● **ASSIGNMENT**
Could you show all lines in the entries below that contain the string "Black"?

━━━━━ RECORDS TO USE ━━━━━

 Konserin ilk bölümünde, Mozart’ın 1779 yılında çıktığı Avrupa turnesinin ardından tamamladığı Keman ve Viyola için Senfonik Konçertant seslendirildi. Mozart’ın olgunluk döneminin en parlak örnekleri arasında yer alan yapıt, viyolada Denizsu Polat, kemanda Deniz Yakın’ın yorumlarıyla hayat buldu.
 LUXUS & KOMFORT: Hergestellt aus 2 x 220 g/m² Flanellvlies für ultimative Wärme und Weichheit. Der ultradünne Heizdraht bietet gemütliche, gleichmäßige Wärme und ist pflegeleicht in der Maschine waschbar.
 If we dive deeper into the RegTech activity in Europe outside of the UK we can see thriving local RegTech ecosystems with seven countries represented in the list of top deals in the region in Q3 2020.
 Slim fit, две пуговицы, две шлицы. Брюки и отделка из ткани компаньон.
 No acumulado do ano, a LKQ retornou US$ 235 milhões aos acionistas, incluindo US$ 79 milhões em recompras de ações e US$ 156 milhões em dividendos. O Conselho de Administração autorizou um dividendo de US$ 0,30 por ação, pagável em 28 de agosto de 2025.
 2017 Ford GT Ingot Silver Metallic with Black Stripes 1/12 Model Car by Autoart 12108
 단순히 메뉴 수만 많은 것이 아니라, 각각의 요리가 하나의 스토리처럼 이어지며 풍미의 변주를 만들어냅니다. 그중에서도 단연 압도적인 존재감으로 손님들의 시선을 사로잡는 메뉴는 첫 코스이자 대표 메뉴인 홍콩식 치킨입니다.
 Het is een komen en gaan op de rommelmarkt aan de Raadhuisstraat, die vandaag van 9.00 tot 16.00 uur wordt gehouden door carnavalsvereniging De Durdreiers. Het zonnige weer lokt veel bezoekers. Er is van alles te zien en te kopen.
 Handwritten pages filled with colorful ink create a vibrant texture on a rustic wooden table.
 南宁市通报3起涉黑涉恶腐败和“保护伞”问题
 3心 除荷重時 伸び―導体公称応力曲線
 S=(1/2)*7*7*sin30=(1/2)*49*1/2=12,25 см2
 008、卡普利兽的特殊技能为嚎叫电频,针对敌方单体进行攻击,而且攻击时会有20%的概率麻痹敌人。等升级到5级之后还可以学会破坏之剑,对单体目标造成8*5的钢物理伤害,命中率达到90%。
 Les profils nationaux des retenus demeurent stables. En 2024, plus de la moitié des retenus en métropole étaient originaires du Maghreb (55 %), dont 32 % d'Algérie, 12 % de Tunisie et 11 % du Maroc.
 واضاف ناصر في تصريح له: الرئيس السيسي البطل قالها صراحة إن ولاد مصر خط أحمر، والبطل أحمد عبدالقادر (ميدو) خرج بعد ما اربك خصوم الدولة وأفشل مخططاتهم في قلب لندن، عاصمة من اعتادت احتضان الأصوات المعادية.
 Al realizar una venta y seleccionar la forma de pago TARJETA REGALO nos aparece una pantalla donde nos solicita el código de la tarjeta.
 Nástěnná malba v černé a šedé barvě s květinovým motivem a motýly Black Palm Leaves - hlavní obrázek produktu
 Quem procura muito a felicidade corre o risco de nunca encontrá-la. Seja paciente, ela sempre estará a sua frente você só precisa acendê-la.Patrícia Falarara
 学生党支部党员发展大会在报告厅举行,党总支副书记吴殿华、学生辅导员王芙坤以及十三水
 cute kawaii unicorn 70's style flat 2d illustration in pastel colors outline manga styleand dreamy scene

━━━━━

● **OUTPUT OF THE EXERCISE**
 2017 Ford GT Ingot Silver Metallic with Black Stripes 1/12 Model Car by Autoart 12108
 Nástěnná malba v černé a šedé barvě s květinovým motivem a motýly Black Palm Leaves - hlavní obrázek produktu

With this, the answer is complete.